● What is needed
Give again, exactly as written, the lines of the records below from the line with "Get-CsTeamsGuestMeetingConfiguration | fl" to the line with "Askeri Coğrafya ve Tarih Notları, Yazan: H.". Both end lines count; pictures do not.

● Given data
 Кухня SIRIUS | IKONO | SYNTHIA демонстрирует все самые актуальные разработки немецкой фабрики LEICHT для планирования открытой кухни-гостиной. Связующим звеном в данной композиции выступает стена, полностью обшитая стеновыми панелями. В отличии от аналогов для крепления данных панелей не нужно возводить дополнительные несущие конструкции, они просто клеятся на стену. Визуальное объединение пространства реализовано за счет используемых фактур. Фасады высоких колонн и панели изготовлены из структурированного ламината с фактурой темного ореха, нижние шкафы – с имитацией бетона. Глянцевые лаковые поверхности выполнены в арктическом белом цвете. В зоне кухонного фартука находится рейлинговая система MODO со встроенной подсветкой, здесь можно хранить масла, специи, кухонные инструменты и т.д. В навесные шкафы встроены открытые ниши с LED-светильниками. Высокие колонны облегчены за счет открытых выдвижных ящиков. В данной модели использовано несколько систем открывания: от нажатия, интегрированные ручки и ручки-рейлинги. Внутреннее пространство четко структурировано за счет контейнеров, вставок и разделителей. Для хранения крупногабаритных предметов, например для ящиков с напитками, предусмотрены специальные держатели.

--

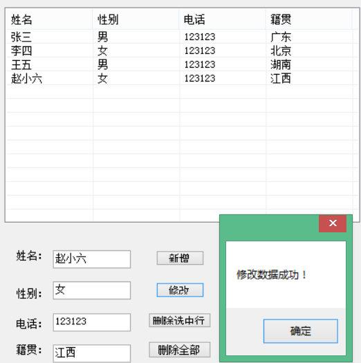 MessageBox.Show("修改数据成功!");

==

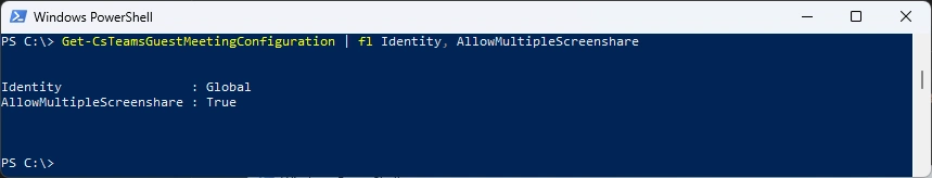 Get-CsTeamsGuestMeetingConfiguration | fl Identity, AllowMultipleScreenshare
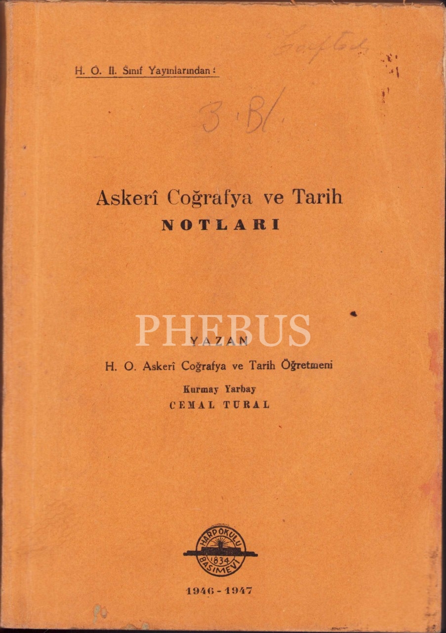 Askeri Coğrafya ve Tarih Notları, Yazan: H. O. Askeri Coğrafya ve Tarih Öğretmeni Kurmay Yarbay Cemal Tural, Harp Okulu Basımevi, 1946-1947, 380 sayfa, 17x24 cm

● Exercise result
 Get-CsTeamsGuestMeetingConfiguration | fl Identity, AllowMultipleScreenshare
 Askeri Coğrafya ve Tarih Notları, Yazan: H. O. Askeri Coğrafya ve Tarih Öğretmeni Kurmay Yarbay Cemal Tural, Harp Okulu Basımevi, 1946-1947, 380 sayfa, 17x24 cm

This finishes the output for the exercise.